Claude via GitHub Copilot first pass — Claude via GitHub Copilot produced a more framework-aligned layout.

Obviously this landing page wouldn’t even convert my grandma, but Claude was able to, more or less, understand what I wanted and seemed to be able to make that happen within the confines of how Nue operates. Something funny happened as I was running this “experiment”, I just received an email from the Factory CEO asking how it’s going and if I have any feedback on Droid. You know what they say, “don’t judge an IDE by its open source model”, so I thought I’d give Droid another chance but this time using Claude Sonnet just as with GitHub Copilot. That did improve things a lot, so I suppose the big issue here was actually GLM and not Droid.

I later found out that what Claude did differently was to brute-force CSS into the application until I was kind of happy with the results, but I soon abandoned the idea of using Nue, I don’t believe current LLMs are ready for Nue (or the other way around). And just to reinforce this, I did try Crush + DeepSeek as well with similar results and about $2 worth of tokens.

I think Nue will be great once it’s matured enough and once models are trained on codebases that use it, until then, it’s going to be the kind of tool I use for “hand-crafted” applications.

Droid + React

Because I wasn’t ready to give up on either Droid or GLM 4.6, I decided to try and build a standard React page instead. I also got more documentation, copy samples and other assets produced to help the model. Things went decently up until a point when what I thought was a simple prompt, “remove the old artifacts and sections x, y, z”, broke the entire site. The model was very excited about the great work it did and didn’t think anything is wrong, but visually it was a disaster.

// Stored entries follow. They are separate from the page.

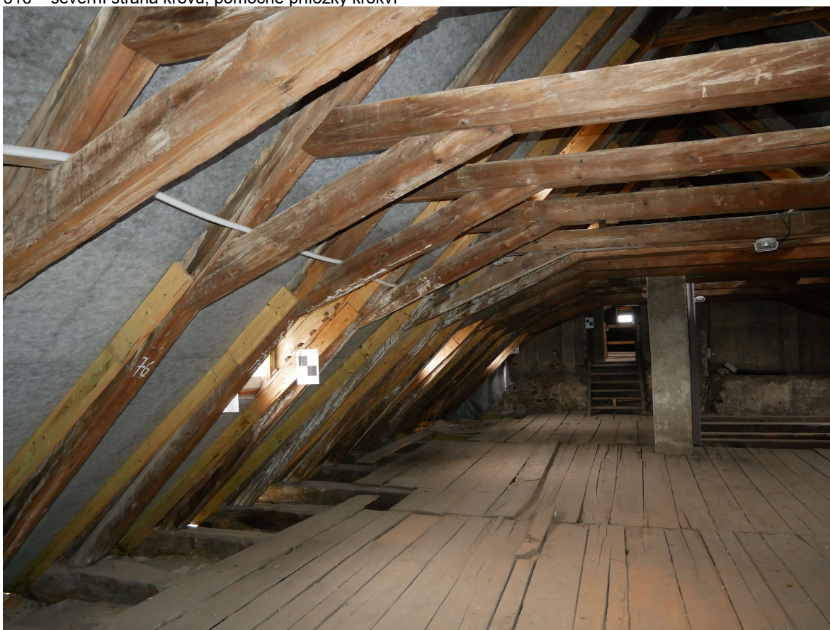
317 – severní strana krovu, průhled k východu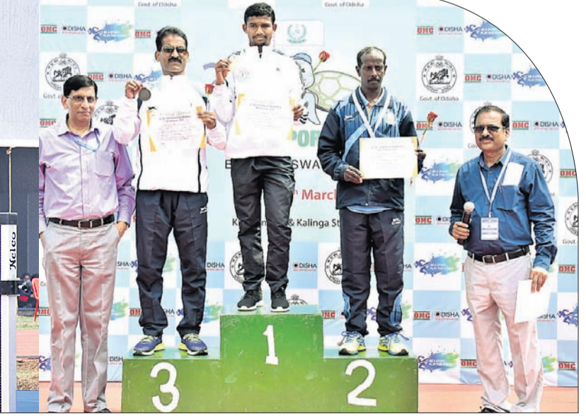
ସର୍ବଭାରତୀୟ ବନ ବିଭାଗ କ୍ରୀଡ଼ାର କଳିଙ୍ଗ ସ୍ଥଳରେ ରୂପକାର ଅନୁଷ୍ଠିତ ଶୁଟିଂ ଓ ମହିଳା ହାଲଜମ୍ପ ଅବସରରେ ପ୍ରତିଯୋଗୀମାନେ। ପୁରୁଷ ୫୦୦୦ ମିଟର ରେସ୍ କ୍ରୀଡ଼ା ପ୍ରତିଯୋଗୀଙ୍କୁ ପଦକ ପ୍ରଦାନ କରାଯାଇଛି।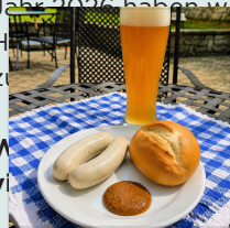
Weisswurst-Frühstück Galerie Schloss Wiespach Ihren Besuch und

Ob Konzerte, Kabarets, der Wein- und BrauKunstMarkt, Straßentheater oder das beliebte Stadtfest: Auch für das Jahr 2026 haben wir in Zusammenarbeit mit der Stadt Hallein eine Partnerveranstaltungen für Sie zusammengestellt. Sie überzeugen sich selbst!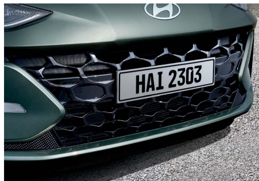
Parrilla del radiador en negro brillante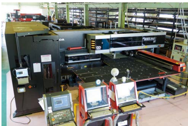
パンチ・レーザ複合マシンACIES-2512T(自動倉庫MARS・130棚と連動)を2セット導入。裏キズレス加工が受注拡大に貢献した

溶接ロボットFLW-4000M3は、お客さまから「ステンレス・アルミの溶接は岡田钣金には頼めない」と言われたことから、そうした評価を打破するために導入しました。結果として、裏キズレス加工に対応するACIESと、歪みが少なくビード面がきれいな高品位溶接に対応するFLW——この2つの設備の効果により、医療機器や食品機械などのステンレス製品の仕事量が増えました。3年前には30%程度だったステンレス材料の割合は50%程度にまで増えています。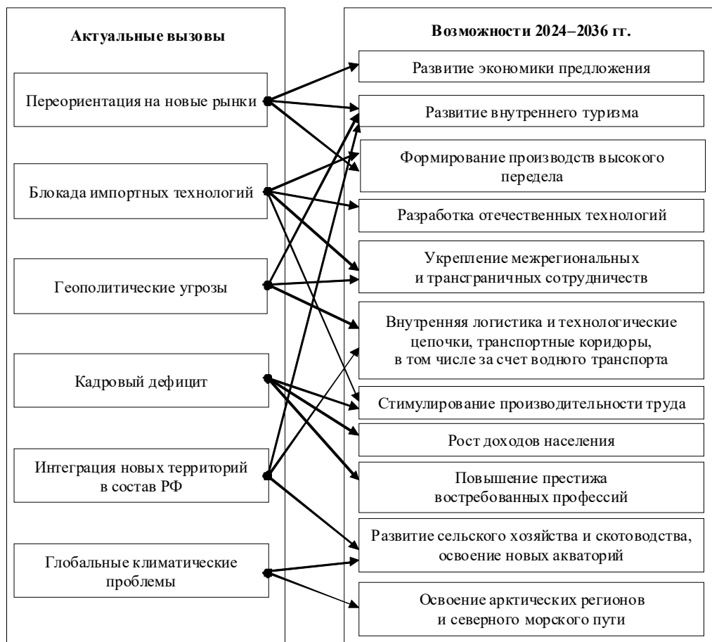
Рис. 1. Система «новые вызовы – новые возможности»

Применение интегральных методик весьма популярно как в экономической науке в целом, так и для оценки регионального развития. Контент-анализ результатов запросов через поисковую систему eLibrary.Ru дает перечень из более чем 800 источников по запросу «интегральная методика оценки регионов» при выборке с 2019 г. по всем видам публикаций. Соответственно, можно сделать вывод об универсальности и доступности применения такого математического ме-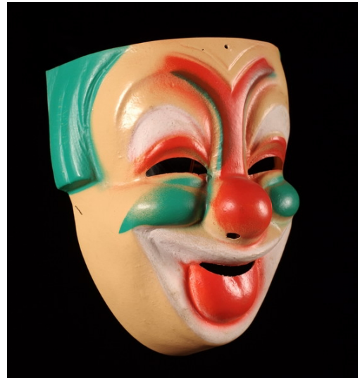
Masque facial de clown © Olivier Desart - MUMASK

Le masque continue d'inspirer les sociétés modernes et s'intègre notamment dans la culture de masse, à travers diverses œuvres fictionnelles. Le potentiel symbolique du masque n'a pas manqué d'inspirer les auteurs et les artistes. Peu importe le support, l'apparition d'une personne masquée à l'écran, dans les pages d'un ouvrage ou lors d'un concert, ne laisse jamais indifférent. Le masque s'est donc peu à peu imposé comme un immanquable dans la culture populaire.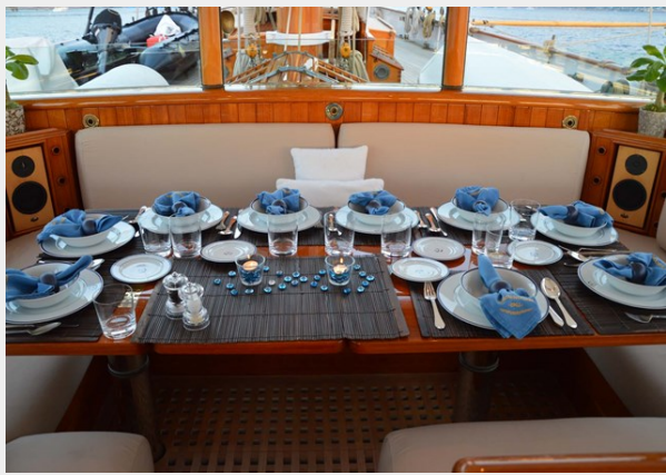
Main deck exterior dining area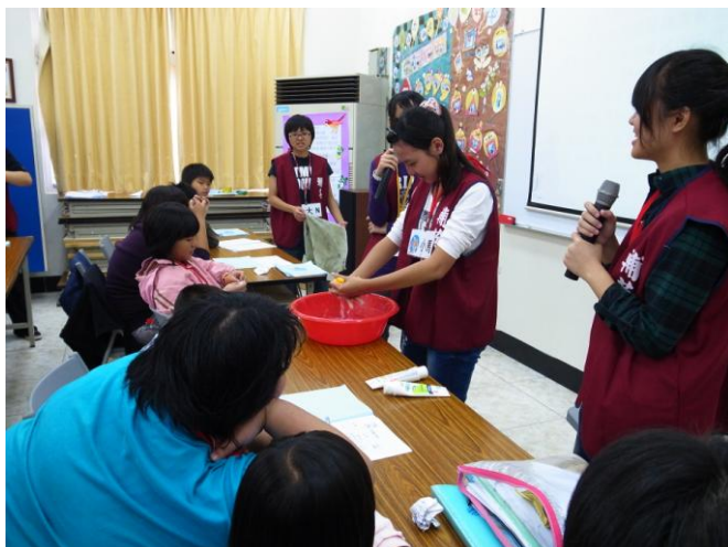
12月9日教導學童正確洗臉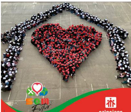
El centro de Sant Boi creó un collage gigante. "Somos casa con corazón".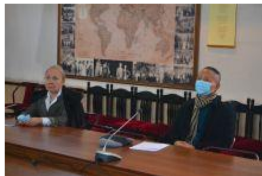
Круглый стол «Вызовы современности и философия»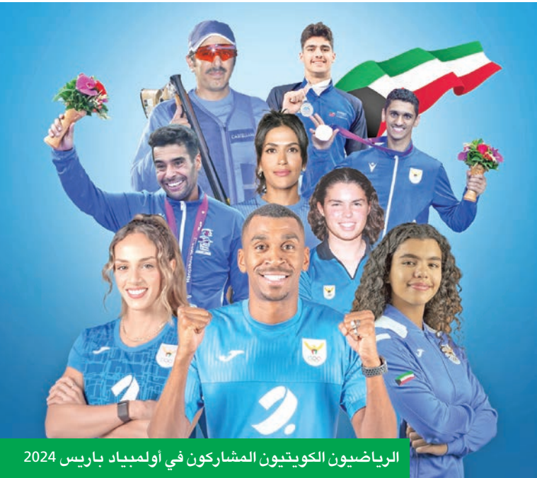
الرياضيون الكويتيون المشاركون في أولمبياد باريس 2024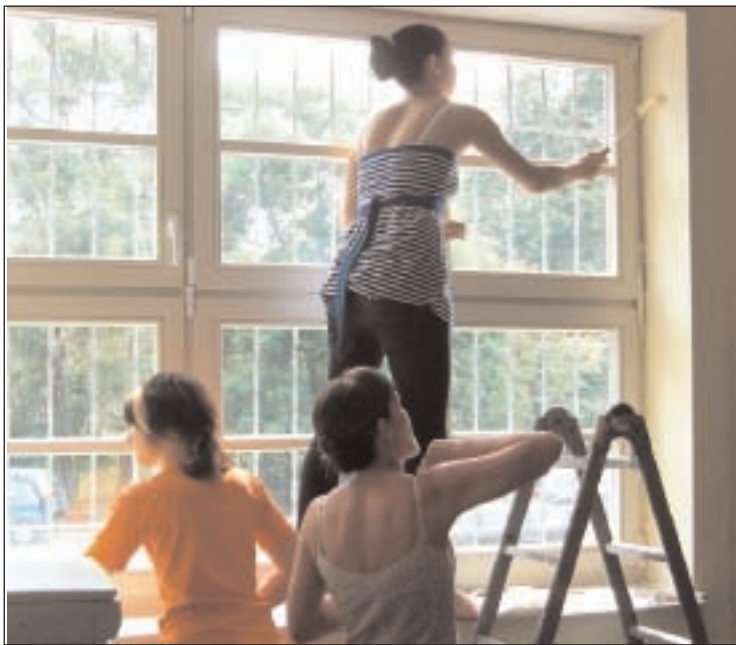
Schüler der Dietrich-Bonhoeffer-Schule und vom Lerchenberggymnasium halfen dabei, dass die Räume im Jugendtreff Rote Zora in Altenburg einen neuen Farbanstrich erhielten.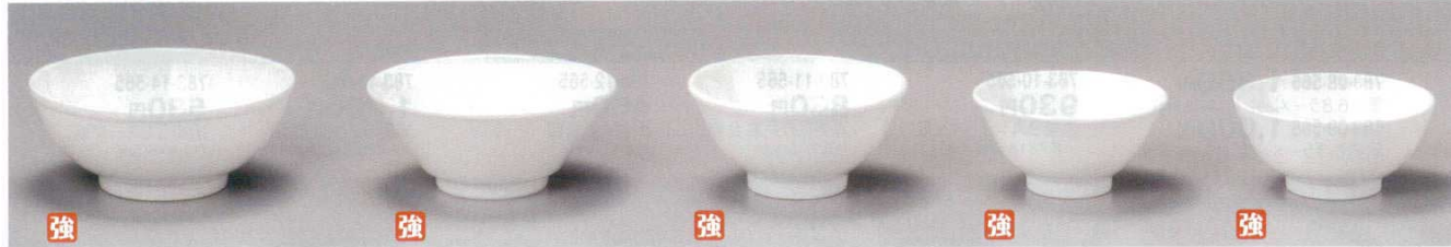
784-16-545 950円 超白5.0玉井 (15.2×6.4cm・600cc) 784-17-545 740円 超白1.4cmリムライス碗 (14.3×6cm・370cc) 784-18-545 650円 超白1.3cm反スープ碗 (12.7×6.3cm・330cc) 784-19-545 550円 超白1.1cm反スープ碗 (11.2×5.6cm・250cc) 784-20-545 600円 超白1.1cm丸ライス碗 (11.5×5.4cm・260cc)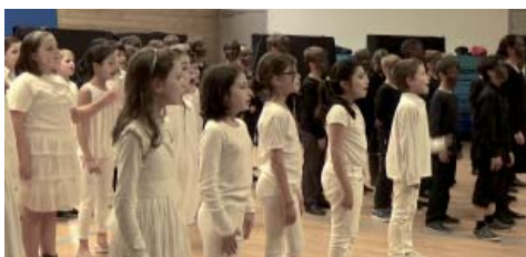
le Roi du Jazz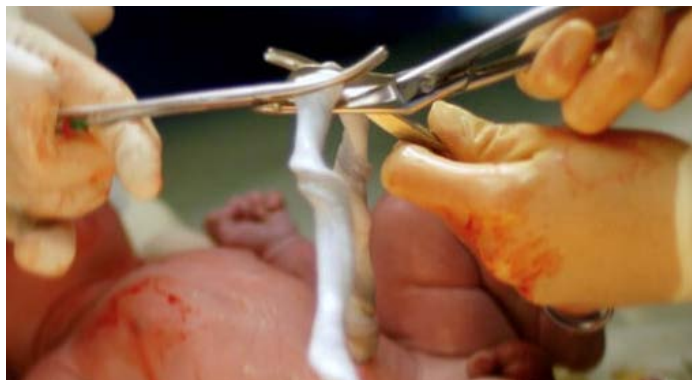
Momento en que se pinza el cordón umbilical para poder proceder a cortarlo.

A día de hoy, hay evidencias que este PTR es beneficioso por el bebé pretérmino o en zonas con elevada incidencia de anemia, porque esta transfusión extra le aporta hemoglobina, hierro y oxígeno extra al bebé y esto puede favorecer su desarrollo posterior.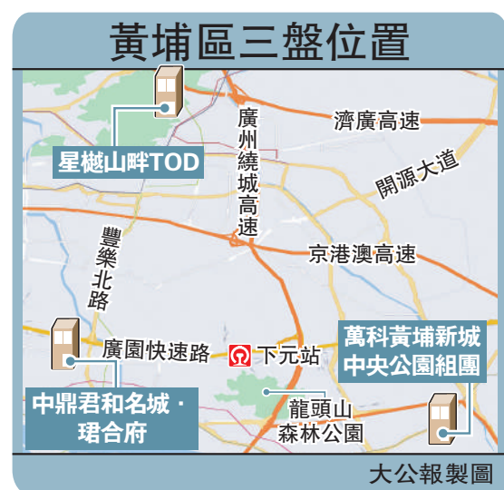
黃埔區三盤位置 大公報製圖

值得一提的是，屋苑配備專業物業管理團隊，提供高標準的24小時貼心管家服務，全天候保安定點巡邏，設置智能門禁，充分保證業主日常生活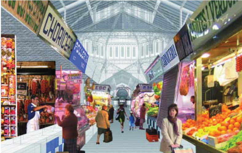
Imatge virtual de com serà l'interior del mercat un cop acabades les obres.

El projecte de reforma del mercat de Sant Antoni preveu rehabilitar l'edifici i alliberar-lo de la tanca que l'envolta, i al mateix temps potenciar els tres mercats –de fresc, dels Encants i dominical– que hi conviuen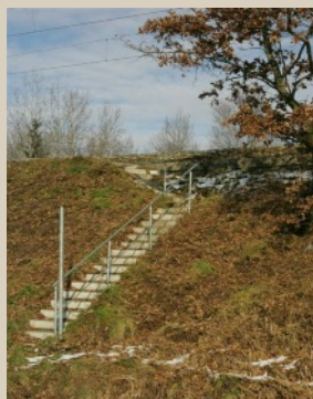
Vorbild Dammtreppe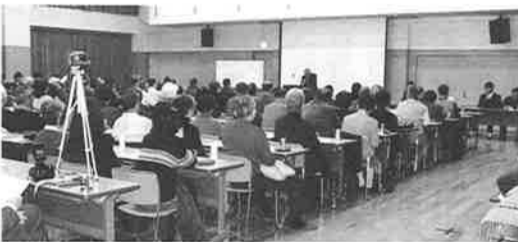
今後に生かしていくために、同じような災害を受

きた。」とその喜びを話した。井上先生は、「京都市をはじめ、全国各地の人たちに助けられたことに感謝の気持ちでやって来た」とことや、「家族や友人、そして、近所の多くの人たちが、地震で、なぜ、死ななければならなかったのか。この悔しい経験を、必死の思いで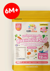
แฮปปี้สวีทตี้ Happy Sweetie Flavor for Kids 12 25 กรัม / g บาท / THB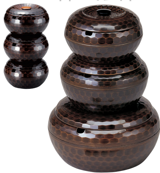
8-365-1 亀甲飯器 栃内黒塗 W-2-70 A|1人用平なし ¥1,650 1-230-23 A|2人用平付 ¥3,920 1-230-24 A|3人用平付 ¥5,000 1-230-25 A|5人用平付 ¥6,350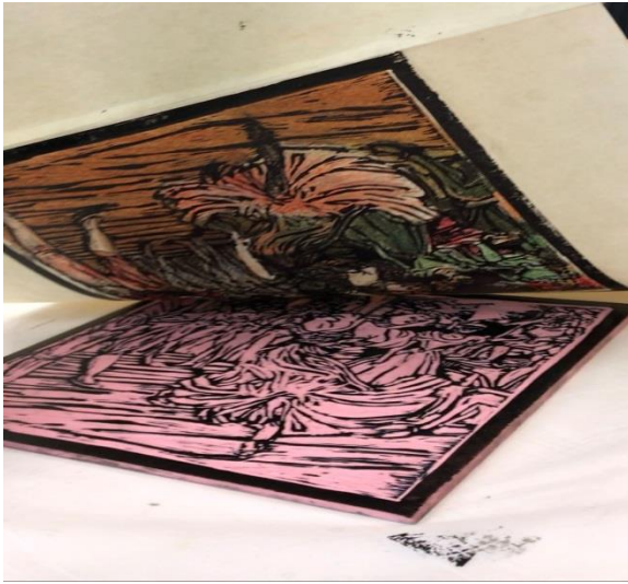
الشكل (9) رفع أطراف الورق من على سطح اللينو أو البلاستيك 3- الخطوة الأخيرة الطباعة كما في الشكل (8) حيث تتم استخدام حبر الطباعة على السطح الذي تم تلوينه

الطباعة بالقالب كما في الشكل (7)، بحيث تتماثل مساحات الخطوط مع الرسم الذي تم تنفيذه على ورقة الطباعة.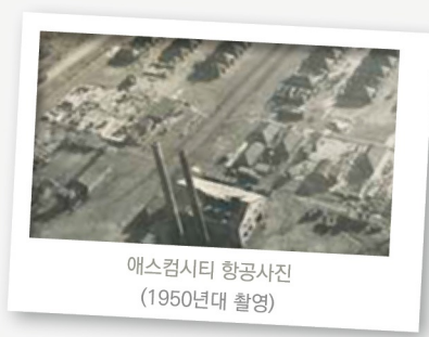
애스컴시티 항공사진 (1950년대 촬영)

기지 안에는 각 부대의 군사시설과 함께 미군들의 생활을 위한 식당, 클럽, PX, 병원, 도서관, 극장, 체육관, 교회 등의 편의시설이 있었다.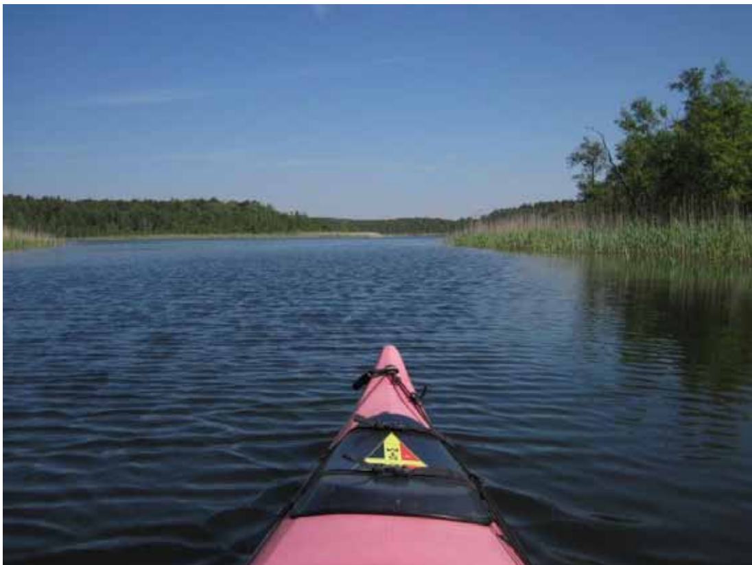
Auf der Alten Fahrt von Granzow zur Bolter Mühle

Broken site after refactor prompt — A simple cleanup prompt unintentionally broke the layout.

This is where I realized something big seems to be missing from Droid - I don’t think it’s using an LSP service, or not fully - because I’ve seen a lot of linting and syntax errors in code it generates and it did not seem aware of it.

The other thing which is missing is any kind of automated checkpointing, Copilot and Cursor allow you to go back to the previous state whenever things break. With Droid you are kind of left with a broken site and unless you commit chages between prompts, the only solution is to keep iterating until it’s fixed.

Overall the experience here was ok, again I was left disappointed by GLM 4.6. In my smaller tests it seemed to be doing really well and according to benchmarks and general feedback on the internet, it’s supposed to be great, things on the ground seemed to be quite different though.

Droid + GPT-5

For my last experiment, I fired up Droid, selected the GPT-5 model with high reasoning effect and went rummaging into my full stack codebase. I was so happy! It went through my task list like an eager engineer during their first week on the job. Every single request was properly researched, planned and implemented. I burned through about 10M tokens in a day, but I had fully functional features in my app.

What I found especially funny is that when I’m using GPT-5 with GitHub Copilot, the results are generally good but really nothing to write home about. GPT-5 with Droid is the engineer I always wanted in my team. I’m pretty sure that has to do with the reasoning settings. Even better, with Droid, GPT-5 has 0.5x token usage as opposed to 1x for Copilot, so you get more, better and cheaper.

Conclusion

What I learned is that when it comes to tokens, you really get what you paid for - the 0.25x consumption rate of GLM is good for basic things, but when it comes to using a completely new framework that requires clear reasoning capabilities it’s not quite there yet.

I like Droid, I think it definitely has a place in anyone’s development stack and I’ll definitely use it more once I sort out my on-device AI model. I don’t think I will replace GitHub Copilot or Claude Code with it though. I think the amount of value I get from GitHub Copilot for $10/month is huge and Droid (or similar products) just can’t beat that. It also doesn’t really make sense as an add-on to Copilot since I already have a Claude subscription which gives me access to Claude Code. I might replace Claude with ChatGPT and get Codex after the last session though.